**Assigned task:** Using the listing below, set down exactly the lines from the one that contains "Теперь мы не" through the one that contains "Auf der Start", with no pictures.

**Data excerpts:**
────────────────

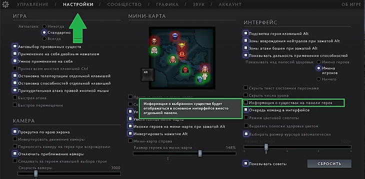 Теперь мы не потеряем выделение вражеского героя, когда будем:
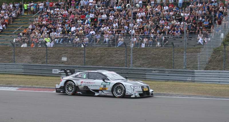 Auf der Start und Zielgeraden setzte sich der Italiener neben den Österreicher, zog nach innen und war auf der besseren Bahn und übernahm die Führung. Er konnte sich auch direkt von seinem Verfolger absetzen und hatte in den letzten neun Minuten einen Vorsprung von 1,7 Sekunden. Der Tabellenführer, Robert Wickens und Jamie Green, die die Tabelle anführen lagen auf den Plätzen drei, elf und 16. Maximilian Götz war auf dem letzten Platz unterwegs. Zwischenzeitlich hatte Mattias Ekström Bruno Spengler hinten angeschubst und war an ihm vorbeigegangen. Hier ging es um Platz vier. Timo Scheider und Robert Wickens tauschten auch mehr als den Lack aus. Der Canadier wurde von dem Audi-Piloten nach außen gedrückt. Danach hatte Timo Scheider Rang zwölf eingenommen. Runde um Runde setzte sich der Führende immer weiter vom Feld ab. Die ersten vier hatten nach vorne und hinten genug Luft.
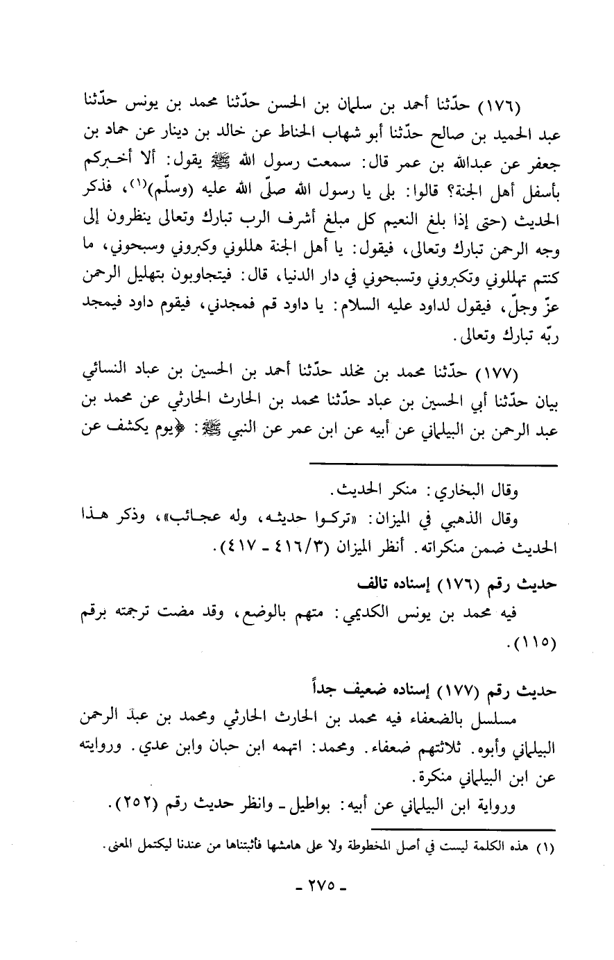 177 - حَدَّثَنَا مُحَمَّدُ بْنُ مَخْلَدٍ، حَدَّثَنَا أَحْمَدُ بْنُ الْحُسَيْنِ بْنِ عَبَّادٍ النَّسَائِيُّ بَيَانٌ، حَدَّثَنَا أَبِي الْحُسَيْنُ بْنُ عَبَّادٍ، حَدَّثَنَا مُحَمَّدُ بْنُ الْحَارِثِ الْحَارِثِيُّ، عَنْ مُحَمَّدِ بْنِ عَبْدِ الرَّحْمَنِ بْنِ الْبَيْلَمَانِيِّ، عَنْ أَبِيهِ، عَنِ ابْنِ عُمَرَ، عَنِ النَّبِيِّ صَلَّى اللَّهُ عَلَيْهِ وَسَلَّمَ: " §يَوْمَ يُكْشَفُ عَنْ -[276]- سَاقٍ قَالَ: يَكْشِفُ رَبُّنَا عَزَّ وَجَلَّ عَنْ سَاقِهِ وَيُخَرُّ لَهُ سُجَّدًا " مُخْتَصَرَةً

────────────────

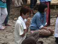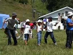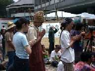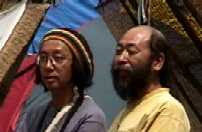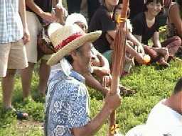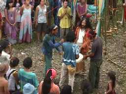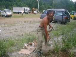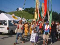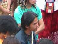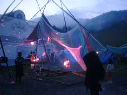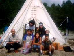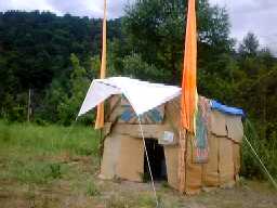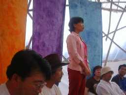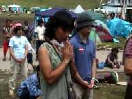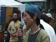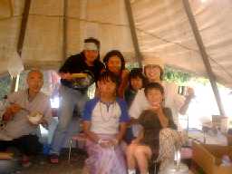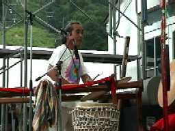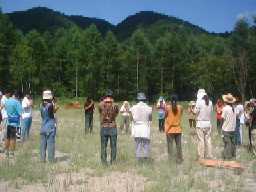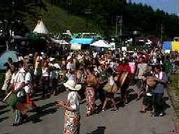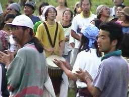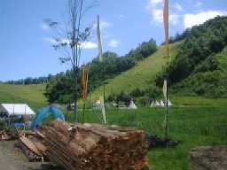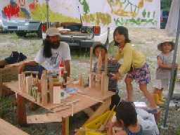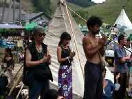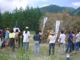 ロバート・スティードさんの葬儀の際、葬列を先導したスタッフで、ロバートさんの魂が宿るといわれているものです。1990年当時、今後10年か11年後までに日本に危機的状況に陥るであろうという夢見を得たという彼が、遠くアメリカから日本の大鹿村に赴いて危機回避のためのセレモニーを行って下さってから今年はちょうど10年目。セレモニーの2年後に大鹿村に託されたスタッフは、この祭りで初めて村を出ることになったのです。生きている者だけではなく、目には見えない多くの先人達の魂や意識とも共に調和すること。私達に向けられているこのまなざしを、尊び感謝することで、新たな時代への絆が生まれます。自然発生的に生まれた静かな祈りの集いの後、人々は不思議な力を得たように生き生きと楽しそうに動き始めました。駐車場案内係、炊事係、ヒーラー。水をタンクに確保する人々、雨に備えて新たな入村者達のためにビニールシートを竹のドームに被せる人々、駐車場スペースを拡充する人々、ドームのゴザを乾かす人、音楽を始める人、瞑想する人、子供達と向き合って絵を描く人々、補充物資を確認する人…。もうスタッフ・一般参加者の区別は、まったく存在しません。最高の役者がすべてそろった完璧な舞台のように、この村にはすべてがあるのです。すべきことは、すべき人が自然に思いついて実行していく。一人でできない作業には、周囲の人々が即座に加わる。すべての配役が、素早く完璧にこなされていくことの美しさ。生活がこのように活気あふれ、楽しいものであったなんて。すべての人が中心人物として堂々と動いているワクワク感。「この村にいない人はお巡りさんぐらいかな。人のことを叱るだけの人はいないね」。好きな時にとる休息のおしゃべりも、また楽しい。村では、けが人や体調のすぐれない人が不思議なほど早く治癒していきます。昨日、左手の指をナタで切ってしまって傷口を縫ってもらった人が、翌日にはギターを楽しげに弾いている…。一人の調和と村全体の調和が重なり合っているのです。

────────────────

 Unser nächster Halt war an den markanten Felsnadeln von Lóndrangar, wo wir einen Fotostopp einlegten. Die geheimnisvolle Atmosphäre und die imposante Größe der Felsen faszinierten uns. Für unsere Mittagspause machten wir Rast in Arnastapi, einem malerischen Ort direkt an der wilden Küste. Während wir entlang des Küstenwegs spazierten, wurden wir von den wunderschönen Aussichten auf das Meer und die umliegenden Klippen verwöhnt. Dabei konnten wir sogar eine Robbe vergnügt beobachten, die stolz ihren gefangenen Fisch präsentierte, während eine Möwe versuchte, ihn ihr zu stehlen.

────────────────

**Expected output:**
 Теперь мы не потеряем выделение вражеского героя, когда будем:
 Auf der Start und Zielgeraden setzte sich der Italiener neben den Österreicher, zog nach innen und war auf der besseren Bahn und übernahm die Führung. Er konnte sich auch direkt von seinem Verfolger absetzen und hatte in den letzten neun Minuten einen Vorsprung von 1,7 Sekunden. Der Tabellenführer, Robert Wickens und Jamie Green, die die Tabelle anführen lagen auf den Plätzen drei, elf und 16. Maximilian Götz war auf dem letzten Platz unterwegs. Zwischenzeitlich hatte Mattias Ekström Bruno Spengler hinten angeschubst und war an ihm vorbeigegangen. Hier ging es um Platz vier. Timo Scheider und Robert Wickens tauschten auch mehr als den Lack aus. Der Canadier wurde von dem Audi-Piloten nach außen gedrückt. Danach hatte Timo Scheider Rang zwölf eingenommen. Runde um Runde setzte sich der Führende immer weiter vom Feld ab. Die ersten vier hatten nach vorne und hinten genug Luft.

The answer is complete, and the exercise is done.